I have a long-term goal of setting up a DR site in a colo somewhere and part of that plan includes replicating some volumes of my EqualLogic SAN. I'm having a bit of a difficult time doing this because I don't know if my method is sound.
This post may be a bit lengthy for the sake of completeness.
Generally relevant information:
- I have one EqualLogic PS4000X (~4TB).
- The SAN Acts as shared storage for 2 ESXi hosts in vSphere 5 environment.
- I have 4 volumes of 500GB each. Volumes 1 and 2 contain my "tier 1" VMs. These will be the only volumes I plan to replicate.
- Currently have 3Mb/s connection with actual data bandwidth at ~2.8Mb/s because of our PRI(voice).
My method of measuring change in a volume:
I was told by a Dell rep that a way (perhaps not the best?) to estimate deltas in a volume is to measure the snapshot reserve space used over a period of time of a regular snapshot schedule.
My first experiment with this was to create a schedule of 15 minutes between snapshots with a snapshot reserve of 500GB. I let this run overnight and until COB the following day. I don't recall the number of snapshots that could be held in 500GB but I ended up with an average of ~15GB per snapshot.
$average_snapshot_delta = $snapshot_reserve_used / $number_of_snapshots
I then changed the snapshot interval to 60 minutes which after a full 24 hours passing means a total of 13 snapshots in 500GB. This leaves me with ~37GB per hour (or ~9GB per 15 mins).
The problem:
These numbers are astronomical to me. With my bandwidth I can do a little over 1GB/hour with 100% utilization. Is block-level replication this expensive or am I doing something completely wrong?
Your numbers boil down to 10.24 MB/s, which does seem a bit on the high side for pure write. But then, I don't know your workloads.
However, you have a bigger problem. The initial replication will be replicating 1TB of data over a 3MB/s straw.
During that time it'll be queueing up your net-change for when the initial sync finishes. And if you ever need to pull data from the remote array, it'll be 4.33 days until you're fully up and running (unless you have an out-of-band method of data-transfer, like a FedEx Overnight Shipping or a truck).
As for the difference in net-change between your 15 minute snapshots and the 60 minute snapshots, I believe the 60 minute snapshot is getting the benefit of a lot of write-combining. Or put another way, all of those writes to the filesystem journals are being coalesced in the longer snapshot in the way they aren't as much in the 15 minute snaps.
This is where sync mode really comes into its own. A 3MB/s pipe is woefully underprovisioned for synchronous replication. A batched asynchronous replication will gain some of the benefits of write-combining, and therefore lower total transfer, at the cost of losing some data in a disaster. Unfortunately, I'm not well versed enough in Equilogic to know what it's capable of
This is the biggest con against equallogic in my opinion. Replication is based on snapshots and their snapshot technology is incredably ineffecient.

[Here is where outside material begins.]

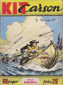 remarques: | février 1957 1/ le cheval doré de Petit Ours 2/ la course au fort Grant 3/ les contrebandiers d'armes les 3 épisodes sont peut'être de Campion + en fin de cahier, résultats (16ème olympiade): des jeux olympiques de Melbourne (1956) qui donnera lieu à un numéro spécial 16ème olympiade n.b. dernier numéro de la série collectionné, à partir du no 20 les aventures de Kit Carson deviennent moins passionnantes et moins bien dessinées, en fait seuls les dix premiers numéros sont super intéressants |

We run about 25 arrays in our environment and my 2-3 year goal is to replace them all with netapp. Based on what we see on our netapp cif filers and testing of nfs the replication bandwidth and snapshot space will be reduced by 80%. add to the the dedupe features of the netapp and it is much more efficient.
Make sure to put your windows page files and your vmware swap files on a non replicated volume.
Also - if you can afford it look at adding some riverbed wan optimizers. They will reduce the amount of data on your wan for repliation by 60% or so. It has saved us and we have minumum ds3 wan connections up to oc-3.
You also did not mention what you latency is. It is a critical component in replication calculations.
If your VMs do not have their page files on a separate datastore, you should try moving them to one and then re-measuring your rate of data change (data churn). This will definitely help. Don't replicate more than you need to.
Does EQL support continuous async replication or is driven by a snapshot schedule? Can you use the whole 3Mb 24/7?
I also second the suggestion that you synchronize the arrays before putting one at the remote site.
For the sake of focusing on the most relevant information, I'd suggest defining an objective for your recovery point and recovery time. These are unimaginatively referred to as an "RPO" and "RTO". Disk replication is supposed to reduce them both by keeping a crash-consistent copy of the data that's never older than a few minutes on another site.Once you have these numbers, you can define things like how often you have to have a crash consistent replica.
3Mb/s is probably not going to cut the mustard unless you use WAN acceleration (such as Riverbed, mentioned by one of the other answerers). WAN acceleration works by keeping a cache on disk at both sides of the link where they store all the most recent data you've sent, and if you ever send a duplicate block, it sends a reference instead of the data.
That said, assuming your storage is using the same engine to take snapshots as it uses to replicate snapshots, then the most accurate measure of change is indeed a snapshot reserve. You'd need to keep one snapshot and its reserve isolated for the duration of the the measurement period, though. Assuming EqualLogic uses copy on write snapshots, comparing data from the reserve of several snapshots taken throughout the day might actually make it seem like your data's changing more than it actually is.
As for the data itself, I agree with the replies that suggest not replicating the swap files. Swap files can take a lot of disk and are always changing, which would trigger a lot of replication traffic. I don't know whether VMWare supports replication of an environment without them, though... I assume that the VMs in a a VM datastore replicated without swap files would be crash-consistent, however I can't confirm that myself.
I am currently in the process of something similar however with Solaris 11 and zfs as our san backend. Because of bandwidth I decided to separate out most of the components. We migrated to exchange 2010 so that we can set up our dr site with an identical copy. What I found was doing san level snapshots would be ridiculous for this data because of bandwidth issues like you are seeing. We decided it would be cheaper and more efficient to set up a dag and replicate within exchange itself. We also did the same thing with our mysql servers. What we clone now are systems with less deltas between snapshots. I was able to do the initial synchronization at the office and transport it to its final destination.
The block size is 16 Mo for snapshot and replication on Equallogic SANs. This is why you got those astronomical numbers. No way to change that. The solution for us to meet our RTO/RPO SLA was to install a Riverbed WAN Optimization Appliance between the 2 sites.